De entre las muchas cosas que me gustan de mi amigo y tocayo Carlos, una que sintetiza varias otras es su manera apasionada de estar en el mundo. Carlos Ernesto –tal su nombre completo– es, por ello mismo, un hombre de excesos: en el amor, en la amistad, en las charlas llevadas a veces hasta la polémica laberíntica, en su gusto por el morfi y por el chupi, y también en su piedad política que retorna siempre como una de las variantes de una sensibilidad que no todos le quieren admitir.
Ayer mismo él me recordaba alguna charla que tuvimos respecto del tema de ser hombres sensibles que, para reconocernos como tales, debimos eludir aquel mandato patriarcal que aún estaba vigente cuando éramos niños a mediados de los años ´60 del siglo pasado: “los hombres no lloran”. Y aquí debo agregar que siendo Carlos Ernesto –como lo llamaba su mamá Yolanda– un tipo guapo, lo es mucho más cuando sus ojos se le humedecen y la emoción aflora plena en su rostro viril.
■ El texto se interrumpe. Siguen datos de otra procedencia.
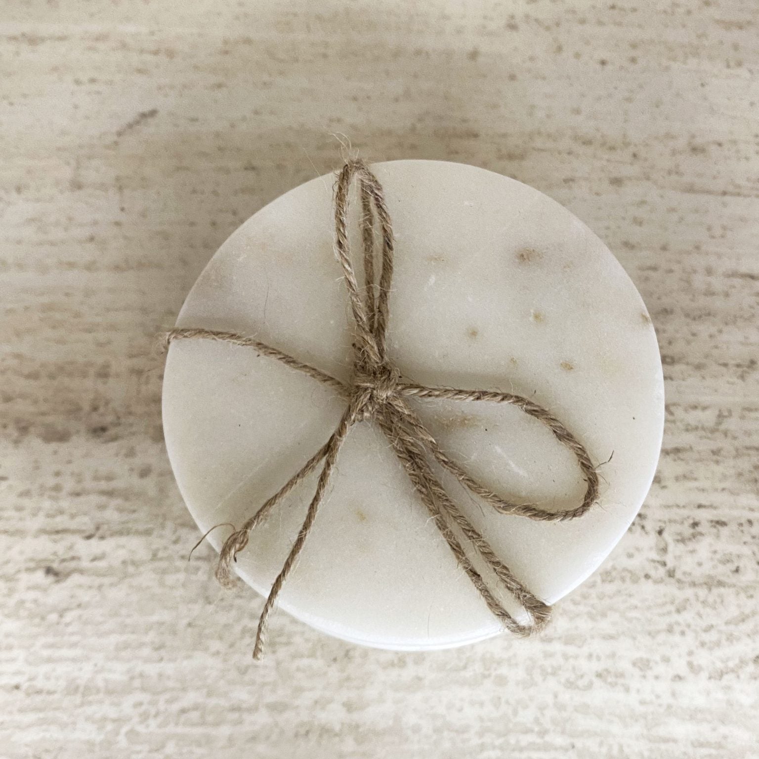 Set of 4 Round Marble coasters in White. Colour of marble may vary with each set.

Pero además resulta que tiene una hija a la que adora, y cuya sensibilidad –heredada, pero también muy propia de ella– no pocas veces la puso en los bretes típicos de un presente hostil para con la diferencia. De esos episodios, y de otros que no vienen al caso pero que han sido igual o peor de bravos, nuestra sobrina debió acorazarse y endurecerse, dejando a un lado ese aspecto suyo que la inclina hacia el arte, y también hacia el semejante que padece sin los amparos de los privilegiados.
Éste fue, según me cuenta su padre, el meollo de una de las últimas “grandes charlas” (ya dijimos de qué entusiasta manera nuestro amigo las valora, y esto se debe a que las necesita como el aire que respira) que mantuvieron y que él rescata como un gran paso adelante para que la joven se reconozca en sus emociones más genuinas, esas que no están atravesadas por los prejuicios individualistas de ese egoísmo brutal que pretende que seamos cada vez menos hermanos en lo humano.
Carlos Ernesto cree que si lo pongo
por escrito su sensible hija lo entenderá mejor que de su boca. Pienso que con
su ejemplo alcanza porque, como dice el Tata, “estar en el mundo es estar emocionados”.